* [Task objective]:
Take the lines below from the one with "Grilli 3 polttimella" through the one with "Härtestest: Auch mit" and retype them exactly. Include nothing else, and no pictures.

* [Stored records]:
◆ ◆ ◆ ◆
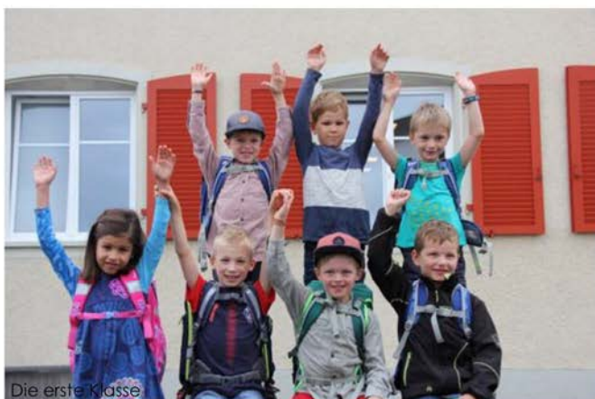
Die erste Klasse
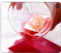
④ 将调好的皂液倒入皂模中，静置至少 2 小时，等待皂液变干，便可脱模。
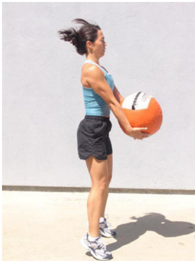
Sin encogimiento de hombros
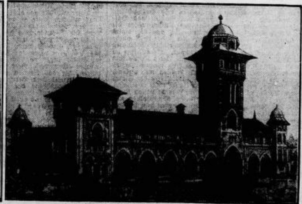
Semal Paschas künftiger Palast, der gegenwärtig in Yeniseher (Neu-Angora) für den Diktator-Präsidenten der türkischen Republik gebaut wird.
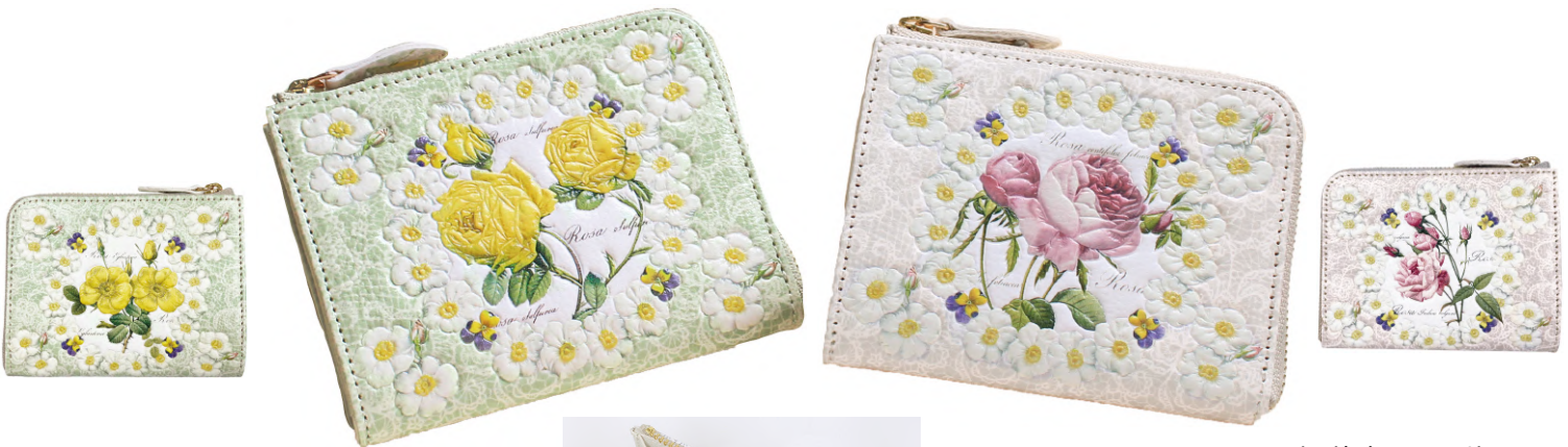
M015S / ロサ・スルフレア
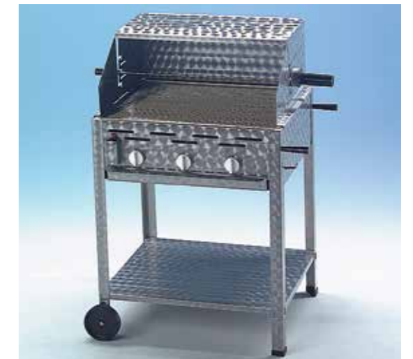
Grilli 3 polttimella ja lisävarusteilla: mobiilit jalat (välipohja, 4 jalkaa, 2 kahvaa, 2 pyörää) ja tuulisuoja sekä grillivarras.
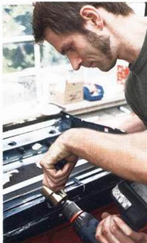
Härtestest: Auch mit einem Akkuschrauber als Antrieb frisst sich der Nibbler durch den Türkasten

Gut gefallen am getesteten Blechnibbler von Gütlich hat uns nicht nur der einfache Umgang mit ihm, sondern auch die Tatsache, dass Verschleißteile wie das Stanzwerkzeug selbst oder sein Führungskopf auch einzeln zu bekommen sind. Im Lieferumfang des 79 Euro teuren Sets sind sogar bereits eine zweite „Stanznadel“ und zweimal Ersatz für den Führungskopf beigelegt, der brechen kann, wenn man das Werk-
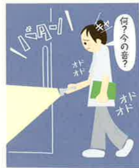
新しくきれいな病院なので、夜勤で暗くなっても怖くないですよ。
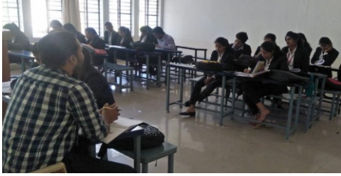
ಪ್ರಥಮ ಬಿ.ಕಾಂ ಮತ್ತು ಬಿಬಿಎ
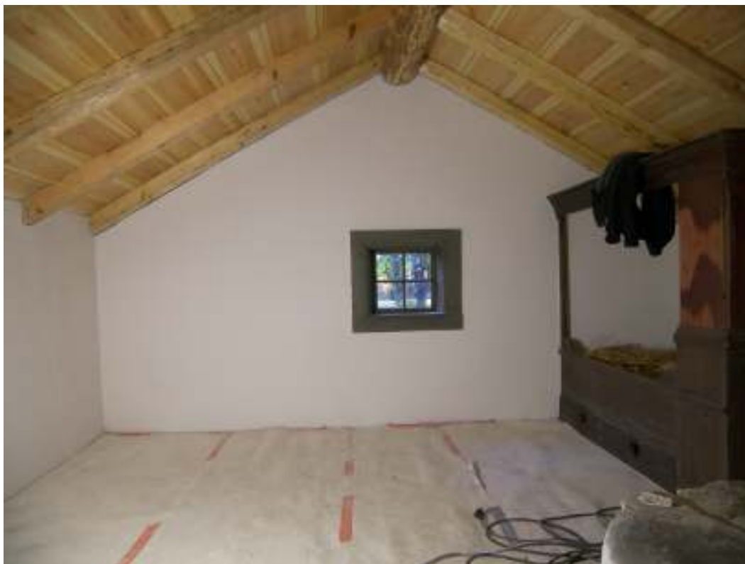
Väggarna har lagats i och avfärgats med limfärg.
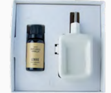
Kit Aromatizador Eléctrico + Óleo Concentrado Patchouli Vanilla - 20ml Ref.: 14093320
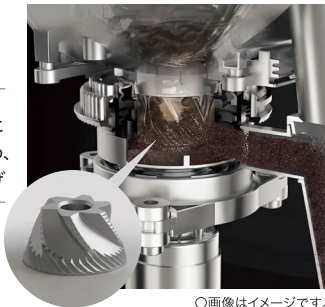
○画像はイメージです。
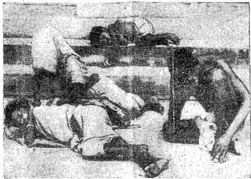
Si Kalkutos (Indijos) šeimyna pamazū miršta iš bado. Jau tūkstantai išmirė Sakoma, kad po 200 žmonių dieną miršta vien Kalkutoj. Jau tūkstantai išmirė iš bado ir dar daugiau gali mirti, nes badas spaudžia didį skaitų žmonių. Badą išaukė maisto spekuliatoriai.
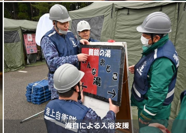
海自による入浴支援
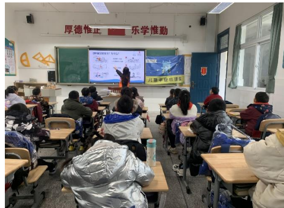
图 4 同学们在上防溺水课程 项目学校：南京市高淳区古柏中心小学 执行机构：南京市高淳区淳青青少年服务中心
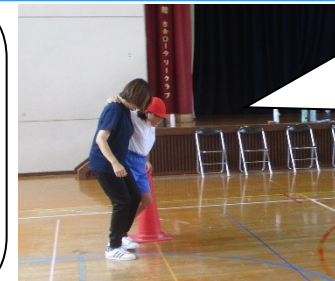
5年生 二人三脚中 息が合っています!
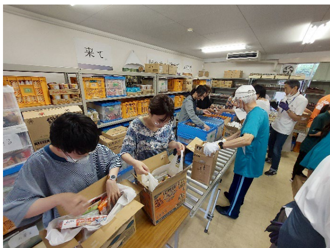
NPO法人フードバンク奈良

フードバンク団体のスタッフやボランティアの皆様をはじめ、たくさんの方々にご協力いただきました。
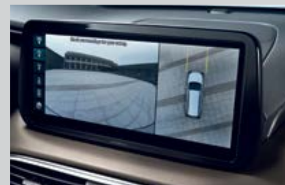
Hệ thống camera 360° (Bản Cao cấp)
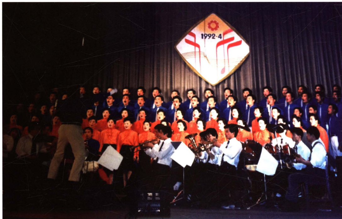
▲ 1992年4月，全县举行职工歌咏大合唱
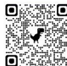
市内スポーツクラブ一覧

中学生が求める文化・スポーツ活動は「競技志向」と「エンジョイ志向」に二極化しています。一方で、市内にはすでに多くのクラブが活動しています。中学生それぞれが自らの志向に応じて活動を選択し参加することができる環境を構築するため、部活動以外の活動フィールド（クラブ・スクール、体験イベント情報）を情報提供する準備を進めています。
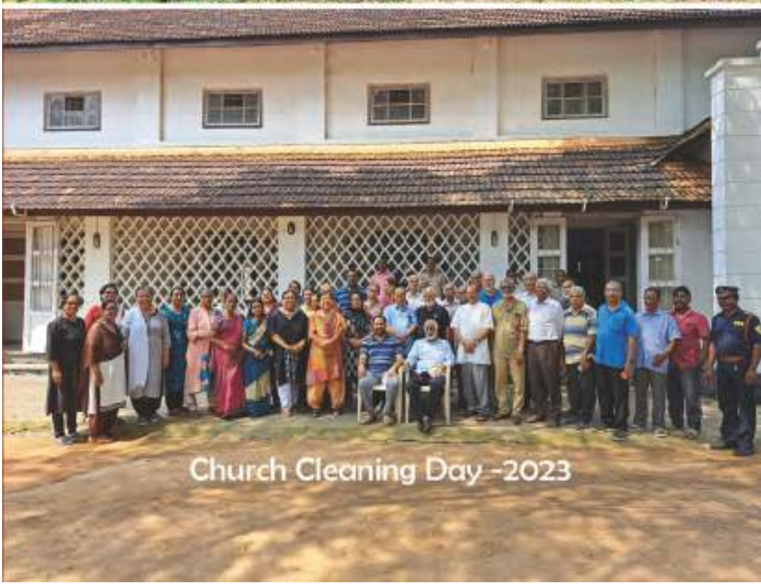
Church Cleaning Day -2023
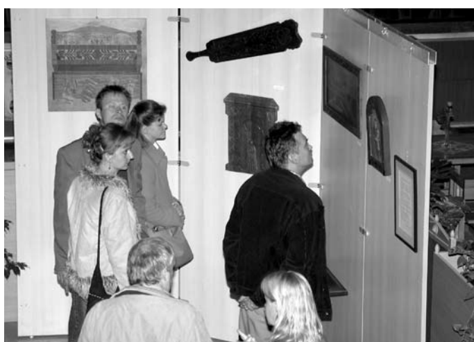
A kiállítás látogatói
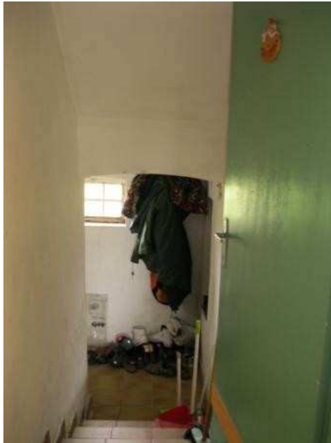
Foto 13 Scala che conduce alla cantina
◆ ◆ ◆ ◆
* [Task response]:
Grilli 3 polttimella ja lisävarusteilla: mobiilit jalat (välipohja, 4 jalkaa, 2 kahvaa, 2 pyörää) ja tuulisuoja sekä grillivarras.
Härtestest: Auch mit einem Akkuschrauber als Antrieb frisst sich der Nibbler durch den Türkasten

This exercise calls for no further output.